The first phase will consist of a 6-foot elevated dune crest that will be 4 feet above the Bayview Avenue Street elevation and 50 feet in toe-to-toe width starting at Bayview Avenue’s western curb line. This reflects the historical width of the beach along the bayfront in surveys conducted in the 1970s and 1980s.

The location of a natural breakwater project designed by Seaside Park for the northern bayfront. (Credit: Planning Document/RVE)

The location of a natural breakwater project designed by Seaside Park for the northern bayfront. (Credit: Planning Document/RVE)

“This dune will blend in with the remnant dunes at both ends of the segment,” the report said. “A sand beach above mean high water will extend into the bay for 30 additional feet to a new mean high-water line followed by a 1:10 slope down to the existing bay floor.
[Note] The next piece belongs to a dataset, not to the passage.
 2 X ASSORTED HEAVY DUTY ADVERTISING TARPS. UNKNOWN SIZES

Public access at each perpendicular street end will be afforded by pedestrian walkways over the dunes onto the beach.

Traditional dune vegetation will be planted and protected from trespass with appropriate fencing, the report said. Offshore in shallow water that dominates this part of Barnegat Bay, a staggered orientation series of eight Hesco-style steel baskets filled with 4 to 6-inch stone and encapsulated with shell is proposed to be installed along the segment as two back-to-back rows of baskets 10-by-30 feet long, oriented to generally face the northwest wave approach direction and a second single row of HESCO baskets in parallel formation to the front rows, but set back landward by 50 feet.

There will be 100-foot gaps between the sets of baskets to allow some wave passage and fish passage and allow horseshoe crabs and diamondback terrapins, along with recreational small vessels and paddleboards used by local residents and visitors, access to the sand beach.
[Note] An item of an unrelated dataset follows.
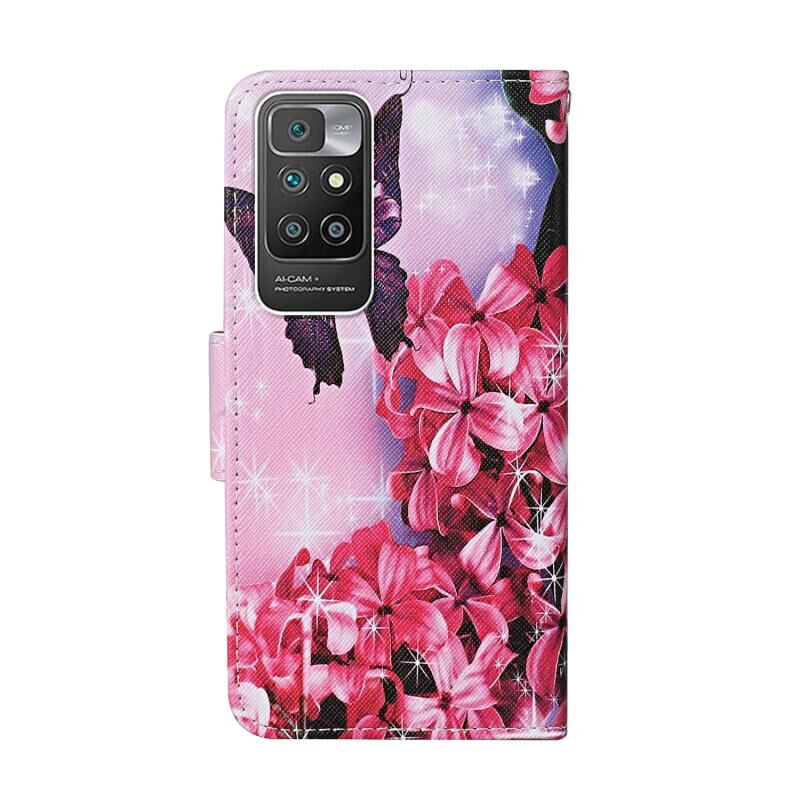 Θήκη δέρματος με σχέδιο ζωγραφικής και χρώματα, τύπου flip, για Xiaomi Redmi 10 2022 (Κόκκινο Λουλούδι Πεταλούδα)

“This hybrid living ‘breakwater’ will be submerged at high tide and be exposed at low tide,” the report said. “Shells will be set on both faces, the ends and the top surfaces of the reef units and eventually weld the entire array into a potential habitat for organisms in each of the basket units.”

Installation would be from a barge using a small crane to fill and place each basket unit into the formation fronting the bayshore.

Seaside Park officials have said they have gone to great lengths to prove the project would not disturb existing aquatic vegetation but, rather, provide more habitat for it. The borough offered to partner with out-of-state universities to conduct studies that would look into the matter up and down the east coast, but never received a reply to the offer, Peterson has said.

The state and county permits will keep the project alive – on paper – until federal approval is granted, at which point funding will be solidified and work can begin. There is no known timeline for the borough to receive a response.